18. A miniature antenna, which is connected to at least one signal feeding line and at least one ground plane and is used for transmitting and receiving signals, comprising:
at least one dielectric element made of a dielectric material, wherein the dielectric element has a first surface and a second surface opposite to said first surface;
at least one electrically conductive first electrode layer, wherein the first electrode layer is fabricated on said first surface of said dielectric element and is connected to said signal feeding line;
at least one electrically conductive second electrode layer, wherein the second electrode layer is fabricated on said second surface of said dielectric element and is connected to said ground plane, wherein each said first electrode layer partially overlaps said second electrode layer;
and
a carrier substrate, wherein said second electrode layer is adhered onto said carrier substrate, and said dielectric element and said first electrode layer are thereafter laid on said second electrode layer and said carrier substrate.
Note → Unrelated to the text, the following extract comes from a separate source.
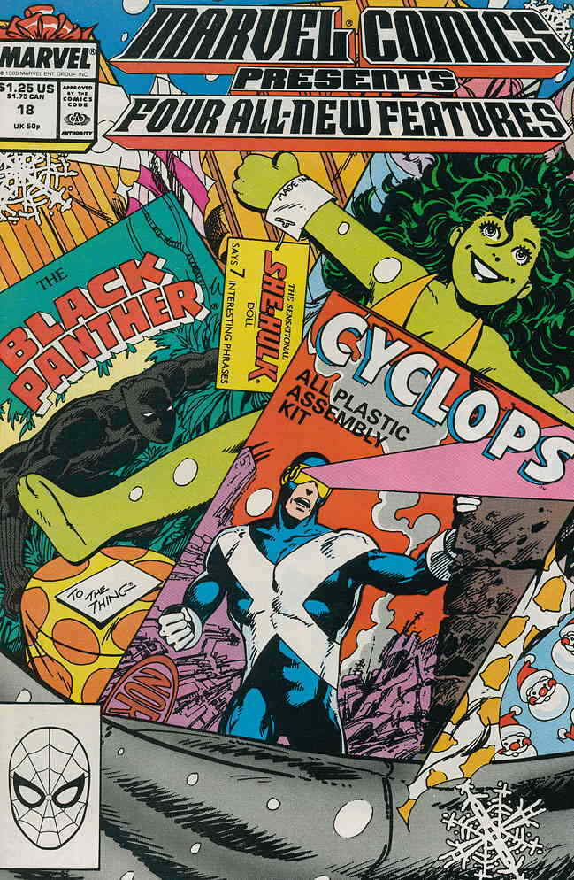 NOTES: Cyclops, Black Panther, She-Hulk, Willie Lumpkin; Cyclops story; Black Panther story; She-Hulk story; Willie Lumpkin story

1. A miniature antenna, which is connected to at least one signal feeding line and at least one ground plane and is used for transmitting and receiving signals, comprising:
at least one dielectric element made of a dielectric material, wherein the dielectric element has a first surface and a second surface opposite to said first surface;
at least one electrically conductive first electrode layer, wherein the first electrode layer is fabricated on said first surface of said dielectric element, each said first electrode layer has a first terminal electrode which is fabricated on a lateral side of said dielectric element, and said first electrode layer is connected to said signal feeding line and said ground plane through said first terminal electrode;
at least one electrically conductive second electrode layer, wherein the second electrode layer is fabricated on said second surface of said dielectric element, each said second electrode layer has a second terminal electrode which is fabricated on a lateral side of said dielectric element, and said second electrode layer is connected to said ground plane through said second terminal electrode, wherein each said first electrode layer partially overlaps said second electrode layer.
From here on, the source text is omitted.